If you don’t have an iterative computation (with many timesteps or iterations), you cannot use periodic load balancers.

(and if you do have an iterative computation, I’d suggest using a much lower LBPeriod).

 

Is it a program with chare-arrays or just 40 singleton chares (which is what I think you are doing)? For singleton chares, with no periodic behavior, you should use “seed-balancers” (Section 7.7 of the charm++ manual: http://charm.cs.illinois.edu/manuals/html/charm++/7.html#SECTION01670000000000000000)

 

If you just post the program, (or email to me), we can answer your question better.

 

As to why 12 instead of 40: how are you terminating the program (i.e. when do you call CkExit() )? It has be after everything is finished. You may need to use quiescence detection. (see manual).

 

          -Sanjay

 

From: Aditya Kiran Pandare <apandar AT ncsu.edu>
Reply-To: Aditya Kiran Pandare <apandar AT ncsu.edu>
Date: Wednesday, September 13, 2017 at 8:29 AM
To: Vinicius Freitas <vinicius.mct.freitas AT gmail.com>
Cc: Laércio Lima Pilla <laercio.pilla AT ufsc.br>, "charm AT lists.cs.illinois.edu" <charm AT lists.cs.illinois.edu>
Subject: Re: [charm] Using Load balancers in charm++

 

Hello Vinicius,

I have tried using GreedyLB (as Dr Villa suggested) with the same results: no load balancing effects. I've now tried RefineLB with the debugger verbose set. I've attached the log file and timeline.

 

This seems a very useful option, it shows how chares have been migrated. But still no improvement in results.


--

Aditya K Pandare

Graduate Research Assistant

Computational Fluid Dynamics Lab A

3211, Engineering Building III

Department of Mechanical and Aerospace Engineering (MAE)

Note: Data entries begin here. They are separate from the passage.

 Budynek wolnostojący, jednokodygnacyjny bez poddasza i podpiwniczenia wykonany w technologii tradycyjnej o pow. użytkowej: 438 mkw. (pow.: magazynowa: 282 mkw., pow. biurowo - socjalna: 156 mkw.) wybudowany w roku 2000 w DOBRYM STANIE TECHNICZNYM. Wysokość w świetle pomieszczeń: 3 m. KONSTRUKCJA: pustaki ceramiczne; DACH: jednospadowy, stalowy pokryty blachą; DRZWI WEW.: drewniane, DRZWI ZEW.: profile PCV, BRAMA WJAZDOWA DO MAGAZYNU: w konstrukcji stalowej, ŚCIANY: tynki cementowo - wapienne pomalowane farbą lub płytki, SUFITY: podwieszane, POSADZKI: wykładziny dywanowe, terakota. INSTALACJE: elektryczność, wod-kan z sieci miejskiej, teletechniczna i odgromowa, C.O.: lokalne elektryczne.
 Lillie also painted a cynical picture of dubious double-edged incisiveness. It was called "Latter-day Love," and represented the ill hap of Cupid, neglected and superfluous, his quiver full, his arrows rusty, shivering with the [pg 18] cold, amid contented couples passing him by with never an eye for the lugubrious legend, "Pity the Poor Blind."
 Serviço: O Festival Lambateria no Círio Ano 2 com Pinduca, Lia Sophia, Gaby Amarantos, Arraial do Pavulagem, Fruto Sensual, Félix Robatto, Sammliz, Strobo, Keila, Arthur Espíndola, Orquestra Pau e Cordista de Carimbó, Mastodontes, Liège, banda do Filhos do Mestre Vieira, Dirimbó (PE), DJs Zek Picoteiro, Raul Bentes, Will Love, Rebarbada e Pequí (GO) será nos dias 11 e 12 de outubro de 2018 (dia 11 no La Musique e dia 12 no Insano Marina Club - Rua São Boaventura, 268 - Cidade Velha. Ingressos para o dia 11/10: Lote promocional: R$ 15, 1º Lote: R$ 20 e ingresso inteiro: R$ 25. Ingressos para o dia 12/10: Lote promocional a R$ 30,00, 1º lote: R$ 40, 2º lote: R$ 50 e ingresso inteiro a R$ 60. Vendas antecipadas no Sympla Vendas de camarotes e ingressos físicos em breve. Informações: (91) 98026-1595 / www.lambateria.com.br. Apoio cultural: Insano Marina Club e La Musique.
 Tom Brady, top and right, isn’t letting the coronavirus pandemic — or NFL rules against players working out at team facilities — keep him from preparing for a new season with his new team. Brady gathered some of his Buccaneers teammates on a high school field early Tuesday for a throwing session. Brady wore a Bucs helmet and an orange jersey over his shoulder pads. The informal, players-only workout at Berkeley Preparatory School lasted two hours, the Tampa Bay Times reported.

North Carolina State University

 

On Tue, Sep 12, 2017 at 7:55 PM, Vinicius Freitas <vinicius.mct.freitas AT gmail.com> wrote:

Dear Aditya,

As Laércio said, DistributedLB won't work unless you have multiple compute nodes to run it on.

To check for migrations, you can run your charm++ program with a +LBDebug 1 or +LBDebug 2, this will make centralized load balancers output some information about their execution.

So I'd try suggest following line and check the results again:
" ./charmrun +p8 ./mandel 4000 0.8 +cs +balancer RefineLB +LBPeriod 1.0 +LBDebug 2 "

Best regards,


-- 
Vinicius Marino Calvo Torres de Freitas
Computer Science Undergratuate Student (Aluno de graduação em Ciência da Computação) 
Research Assistant at the Embedded Computing Laboratory at UFSC
UFSC - CTC - INE - ECL, Brazil
Email: vinicius.mctf AT grad.ufsc.br or vinicius.mct.freitas AT gmail.com 
Tel: +55 (48) 96163803

 

2017-09-12 19:52 GMT-03:00 Laércio Lima Pilla <laercio.pilla AT ufsc.br>:

Dear Aditya,

I could be wrong, but I think DistributedLB is not configured to work when running on a single compute node, as is the situation that you are presenting.

Have you tried running centralized load balancers, like GreedyLB or RefineLB?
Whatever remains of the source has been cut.